Y cuando estaban golpeando la cabeza de la serpiente, en ese momento, llegó la mujer, la amante. Al ver gente reunida en el patio, corrió al granero, hacia el batán. La piedra estaba bañada en sangre. El nido de la serpiente estaba vacío. Volvió la cabeza para mirar el patio: varios hombres golpeaban con garrotes la cabeza de su amante. Entonces lanzó un grito de muerte:

—¿Por qué, por qué destrozáis la cabeza de mi amante? ¿Por qué lo matáis? —exclamo—. ¡Este era mi marido! ¡Este era el padre de mi hijo!.

Volvió a gritar; su voz colmó la casa. Contempló la sangre y sintió espanto. Y por el esfuerzo que hizo para gritar, abortó: una multitud de pequeñas culebras se retorcieron en el suelo, cubrieron la tierra del patio, saltando y arrastrándose.

Mataron, al fin, a la gran culebra. Mataron también a las serpientes pequeñas. Las persiguieron a todas y las fueron aplastando. Luego, unos hombres cavaron un hoyo en la tierra y los otros barrieron la sangre. Barrieron la sangre de toda la casa, la juntaron cerca del hoyo, y enterraron las serpientes y el barro de sangre.
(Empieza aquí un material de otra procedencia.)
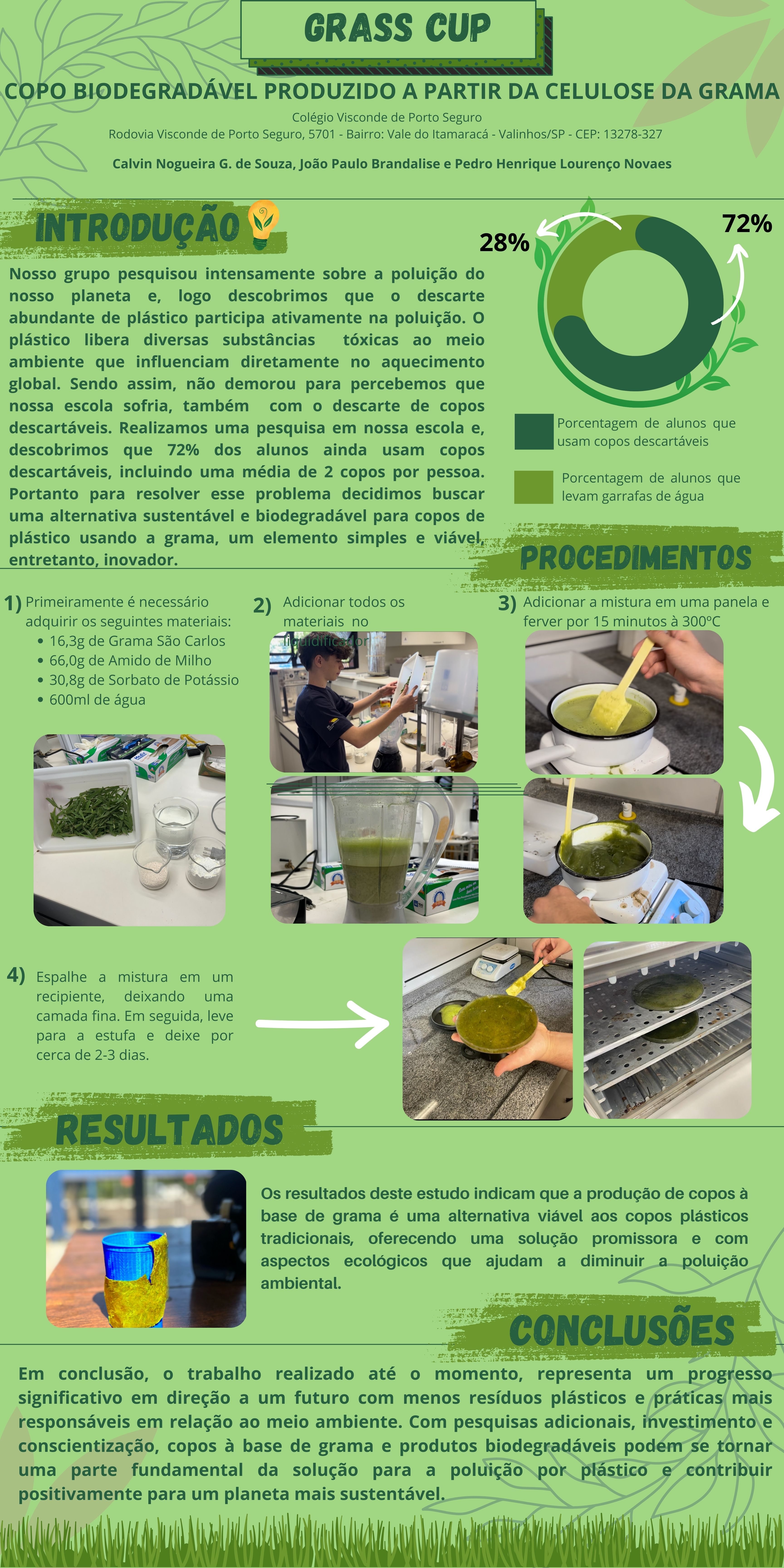 Este trabalho aborda a problemática do descarte de plástico e seus impactos no meio ambiente, com ênfase na poluição e decomposição lenta do material. Propõe a criação de copos descartáveis biodegradáveis feitos de celulose de grama como alternativa sustentável ao plástico. Destaca a urgência da mudança, dadas as quantidades massivas de copos plásticos usados diariamente. Enfatiza a importância da conscientização ambiental, reciclagem e práticas sustentáveis como responsabilidade coletiva para preservar o planeta.

Y llevaron a la joven hasta la habitación de los padres. Allí la curaron. Volvieron las cosas del granero a su lugar primitivo. Limpiaron y arreglaron la casa. Cargaron el batán hasta una cascada del río; colocaron la piedra bajo el chorro y allí la dejaron. Y cuando hubo quedado todo en orden, los padres de la joven dieron a cada hombre lo que era justo, por su trabajo. Ellos recibieron su salario y se fueron.

Más tarde, los padres preguntaron a su hija:

—¿Cómo, de qué modo pudiste vivir con una serpiente? No era hombre tu marido; era el demonio.
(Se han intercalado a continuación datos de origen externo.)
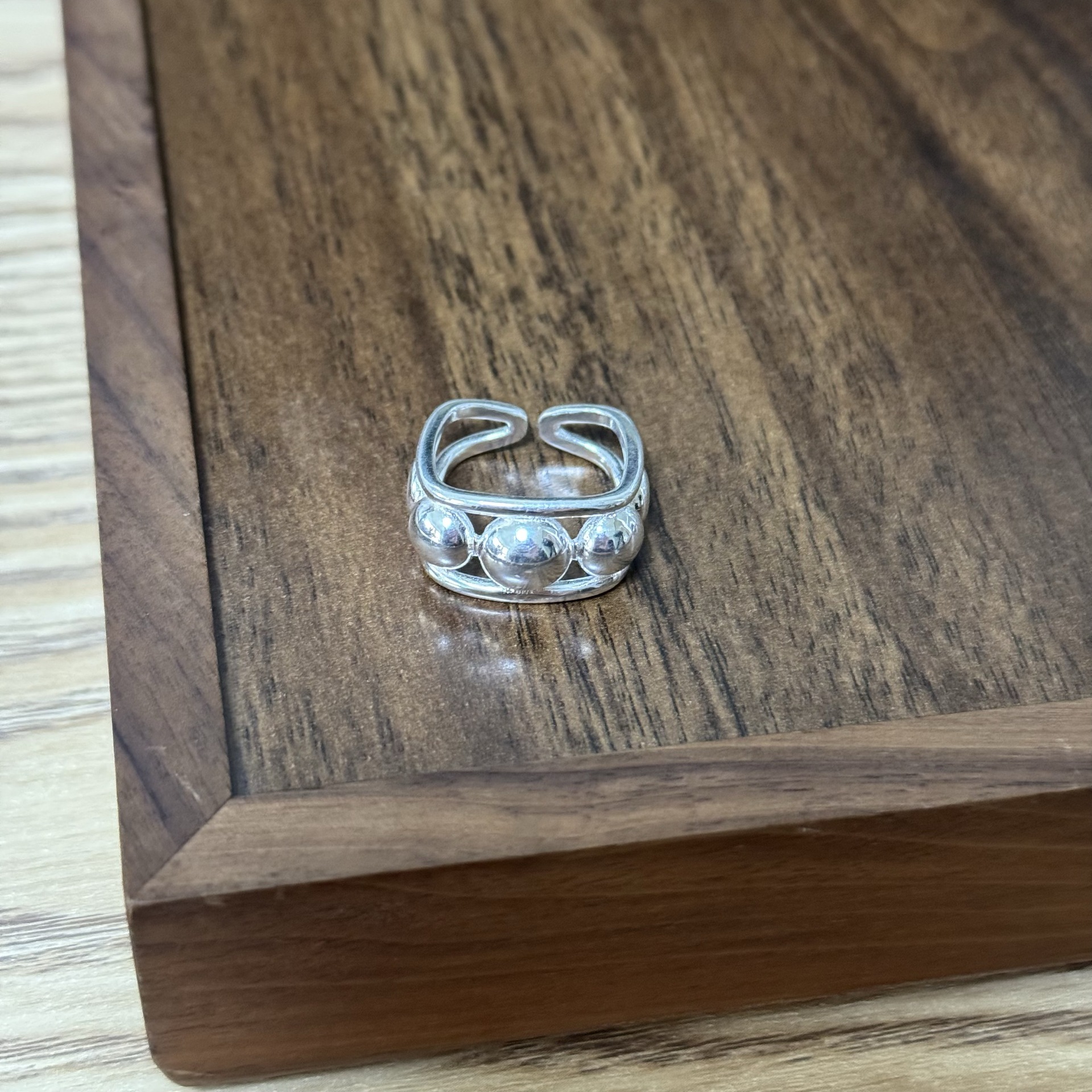 复古珠珠镂空戒指女时尚个性重工设计感开口指环小众ins风食指戒

Sólo entonces la joven confesó su historia; hizo el relato de su primer encuentro con la serpiente. Y todo se llegó a saber, y quedó aclarado. Los padres curaron a su hija, la cuidaron y la sanaron, de su cuerpo y de su alma. Y luego, mucho después, la joven se casó con un hombre bueno. Y su vida fue feliz.